§ Work item:
Retype the records below from their first line through the line holding "目前,中越之间规划了三条跨境", including both ends and no pictures.

§ Records for the exercise:

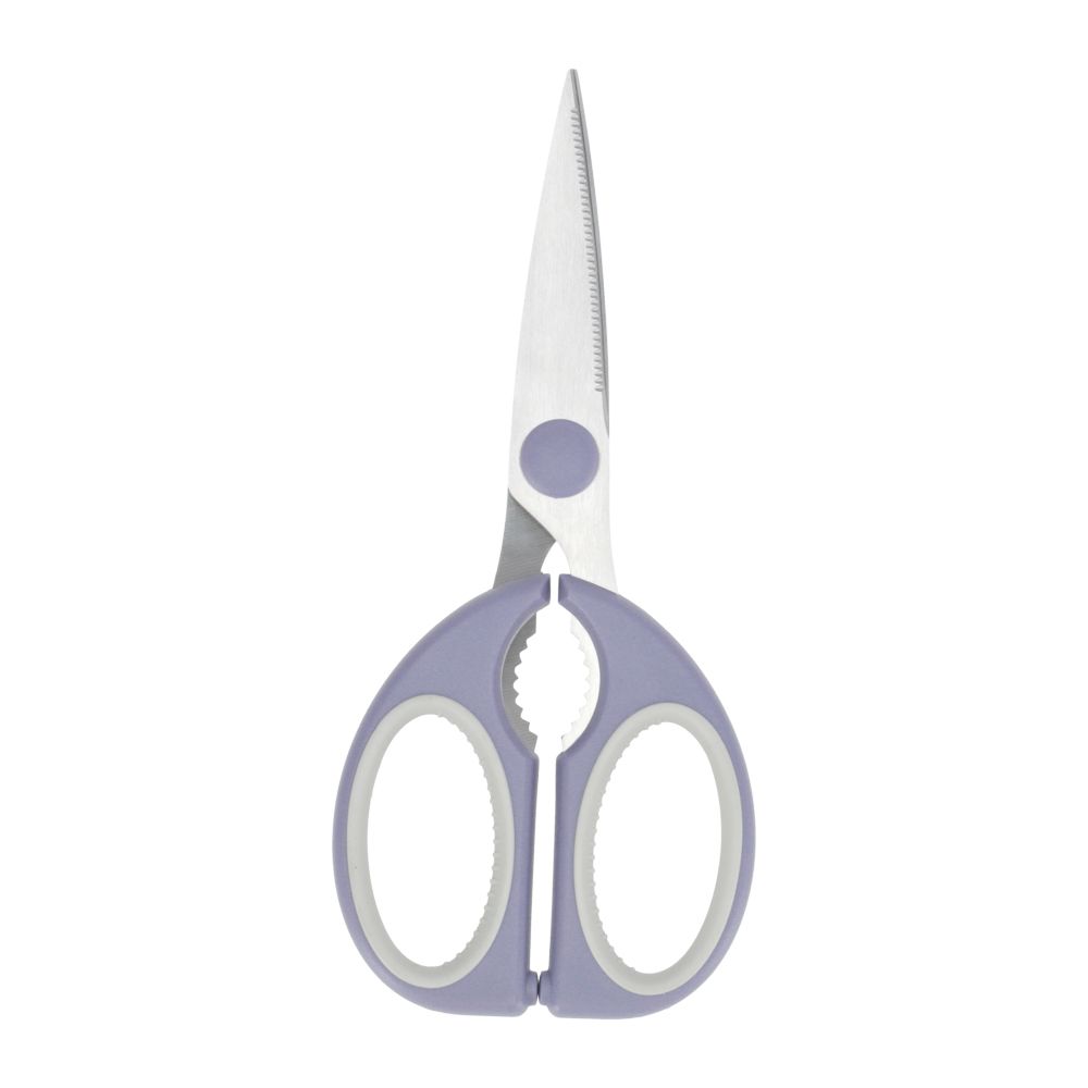 Tijeras de acero inoxidable con revestimientos de polipropileno. Cuenta con un tamaño de 22.5x9.4x1.3 cm.
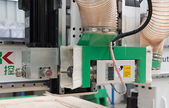 2、側(cè)面鎖孔采用銑刀擺動(dòng)裝置、變頻電機(jī)、真空吸附門板,自動(dòng)銑削成型。
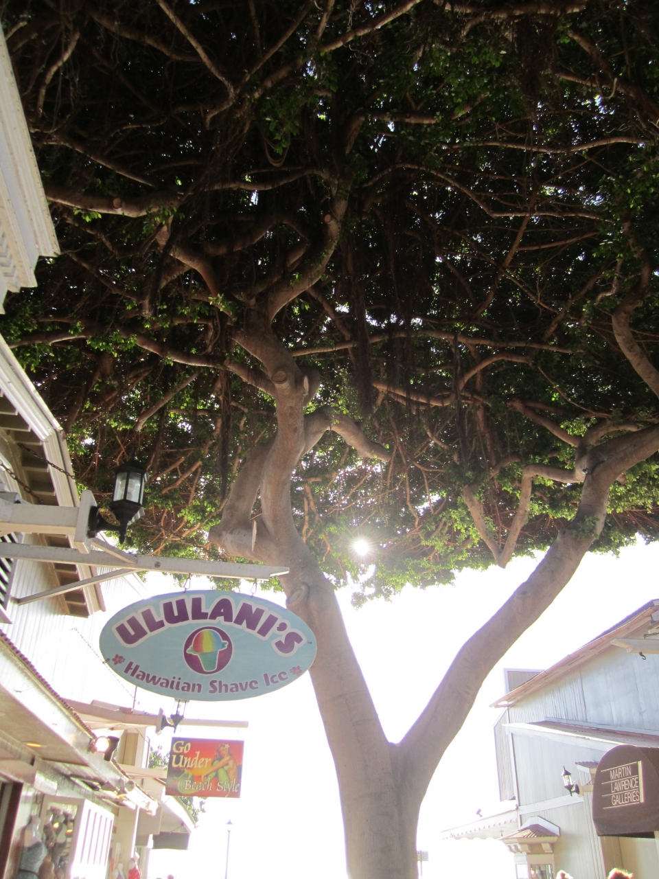 マウイに一冊しかないタウン誌にクーポンがあります。小豆、持ち、アイスからトッピングが選べます。私はアイスにしましたが種類も自由でココナッツをチョイスしました。かき氷のシロップも自由ですがレインボーにすると迷う事はありません。ツリーの下で小休止、なんとのんびりした時間でしょうか。
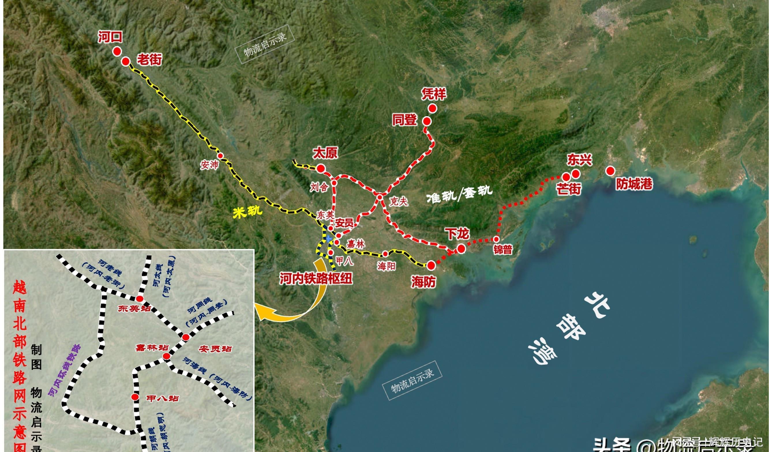 目前,中越之间规划了三条跨境准轨铁路,分别是老街-河内-海防铁路、同登-河内铁路、芒街-下龙-海防铁路。其中,“老街–河内–海防”铁路居于最优先位置。
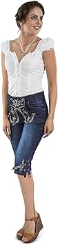Dirndl mal anders! Diese coole Trachtenjeans kombiniert den lässigen Jeans-Comfort mit authentischer Lederhosen-Optik. Als 3/4 Capri-Hose mit High-Waist-Schnitt sitzt sie perfekt und betont deine Figur. Das Stretch-Material gibt dir volle Bewegungsfreiheit - ob beim Tanzen, Feiern oder gemütlichen Beisammensein. Perfekt fürs Oktoberfest, aber auch für Alltag, Dates, Shopping oder Reisen super geeignet. Der Retro-Y2K-Style verleiht deinem Outfit einen modernen Touch, während die traditionelle Optik für echte Bayern-Stimmung sorgt. Du musst dich nicht zwischen Bequemlichkeit und Stil entscheiden - mit dieser Hose hast du beides! Ob zu einem lockeren Oberteil oder einer traditionellen Bluse - diese Trachtenjeans macht immer eine gute Figur und ist dein neuer Liebling für festliche Anlässe und darüber hinaus.
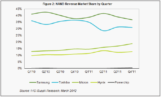 在材料方面,晶圓供應(yīng)商在一個(gè)月后就快速恢復(fù)了生產(chǎn),并提高了其它地點(diǎn)的產(chǎn)量,使其主要客戶面臨的供應(yīng)短缺問(wèn)題降低最小。中期來(lái)看,這場(chǎng)災(zāi)害實(shí)際上導(dǎo)致NAND市場(chǎng)更加接近供需平衡,幫助該產(chǎn)業(yè)的營(yíng)業(yè)收入在2011年第三季度環(huán)比增長(zhǎng)10.0%,而2010年第三季度是環(huán)比增長(zhǎng)9.1%。
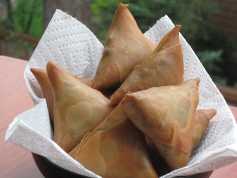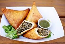 3 pieces of deep fried pastry shell filled with lentils, onion, herbs, and serrano pepper
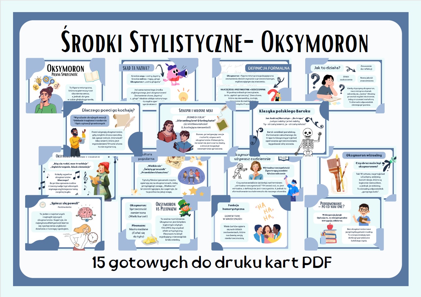 Przygotuj ciekawą i estetyczną gazetkę szkolną o oksymoronie, która w prosty i atrakcyjny sposób wyjaśnia to ważne pojęcie literackie. Mój zestaw zawiera aż 15 kart PDF gotowych do wydruku, dzięki którym stworzysz wartościową dekorację edukacyjną do sali lekcyjnej lub na szkolny korytarz.
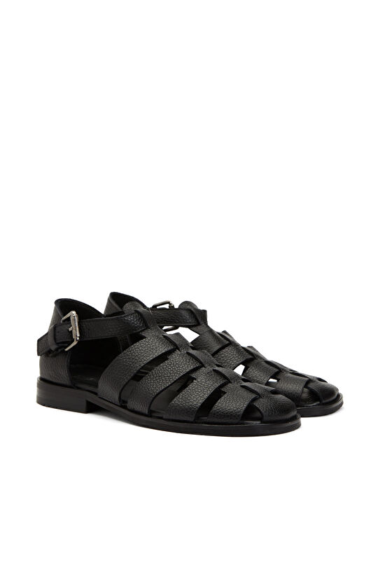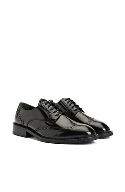 Siyah Zımbalı Kadın Deri Ayakkabı
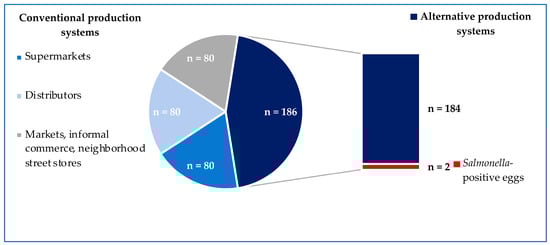 In this study, we did not observe significant differences between the presence of Salmonella in conventional or alternative production systems (p = 0.1). However, we detected that two samples (1.1%, 2/186) obtained from cage-free hens that roam in open, less protected environments were contaminated with Salmonella serotype Enteritidis. These conditions could increase the likelihood of Salmonella contamination in egg production environments. Although the following factors were not analyzed in the study, egg safety, and thus the presence of Salmonella in eggs obtained from alternative systems, also depends on the flock density, the exposure to contaminated feces and substrate, dust, vectors, the stress level of the hens, and the location of the nesting boxes, among others. It must be considered that the internal content of eggs might also be contaminated and present different levels of Salmonella compared to the egg’s surface; therefore, the reported results can be underestimated.
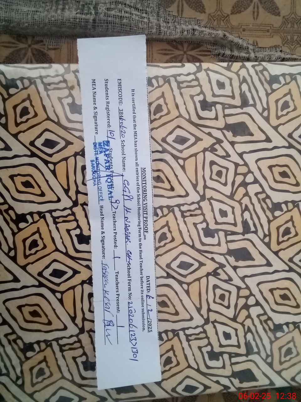 | Certified that this School was Inspected by the Undersigned MEA/DMO Today and the Information Stated Above is as Per Record. | |||||
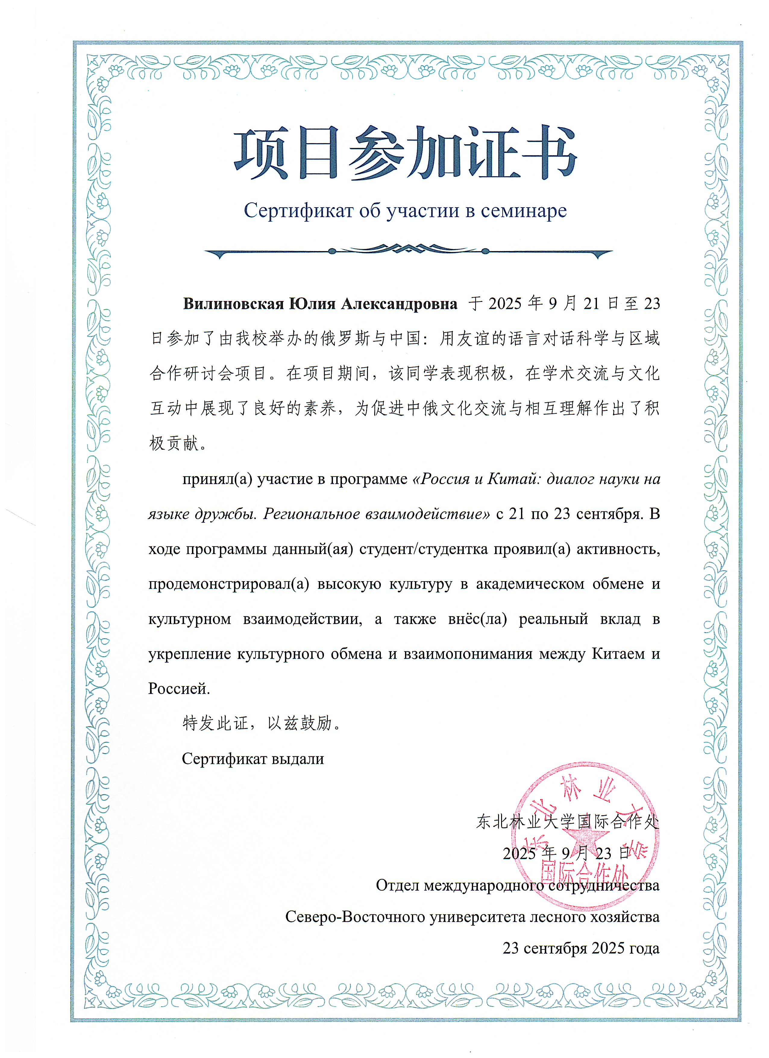 | «Россия и Китай: диалог науки на языке дружбы. Региональное взаимодействие» | Международный | 21.09.2025 - 23.09.2025 | Участник |
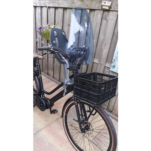 Ik vond het ideaal om minder zwaar te trappen met een kind voorop en de weekboodschappen verdeeld over de grote mand voorop en mijn fietstassen.
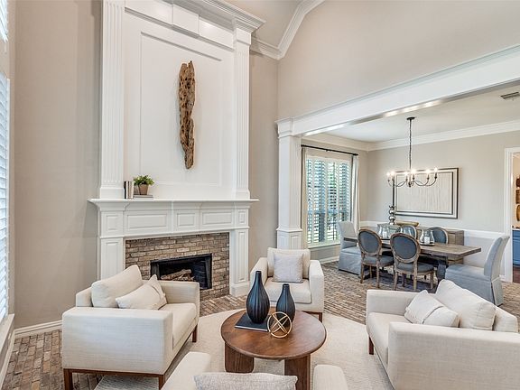 The updated kitchen includes quartz countertops, stainless steel appliances, a built-in refrigerator, island, walk-in pantry, and breakfast bar. The family room features floor-to-ceiling windows overlooking the backyard and pool, built-in bookshelves and cabinets, brick fireplace with gas logs! Formal living and dining rooms with brick pavers, a study with wainscoting, and a curved staircase enhance the home’s architectural appeal.
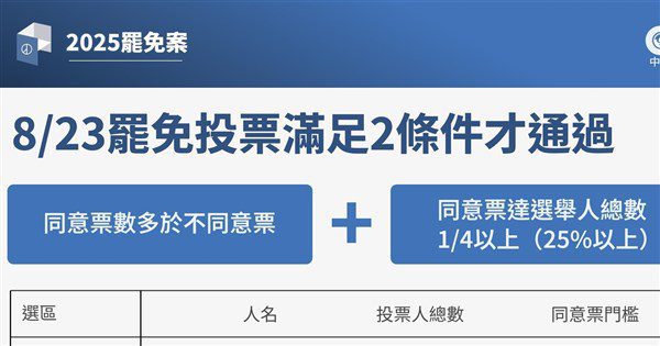 中選會透過新聞稿表示,公職人員選罷法第90條規定,罷免案投票結果,有效同意票數多於不同意票數,且同意票數達原選舉區選舉人總數1/4以上(25%以上),即為通過;相反的,有效罷免票數中,不同意票數多於同意票數、或同意票數不足原選舉區選舉人總數1/4以上者,都是否決。
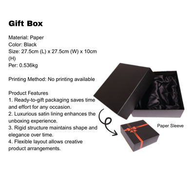 Gift Box: 27.5cm (L) x 27.5cm (W) x 10cm (H)
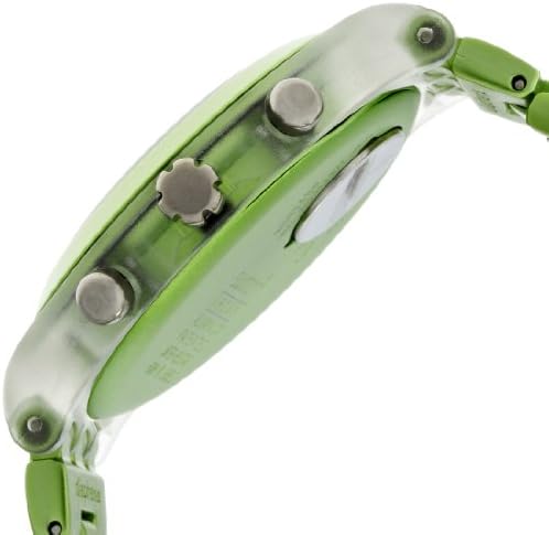 Chronograph Three sub-dials - 60 seconds, 60 minutes and 1/10 second Date display from 8.00 to 9.00 o'clock position Fixed green aluminium bezel Minute markers around the outer edge; luminous hands

§ Solution for this problem:
 Tijeras de acero inoxidable con revestimientos de polipropileno. Cuenta con un tamaño de 22.5x9.4x1.3 cm.
 2、側(cè)面鎖孔采用銑刀擺動(dòng)裝置、變頻電機(jī)、真空吸附門板,自動(dòng)銑削成型。
 マウイに一冊しかないタウン誌にクーポンがあります。小豆、持ち、アイスからトッピングが選べます。私はアイスにしましたが種類も自由でココナッツをチョイスしました。かき氷のシロップも自由ですがレインボーにすると迷う事はありません。ツリーの下で小休止、なんとのんびりした時間でしょうか。
 目前,中越之间规划了三条跨境准轨铁路,分别是老街-河内-海防铁路、同登-河内铁路、芒街-下龙-海防铁路。其中,“老街–河内–海防”铁路居于最优先位置。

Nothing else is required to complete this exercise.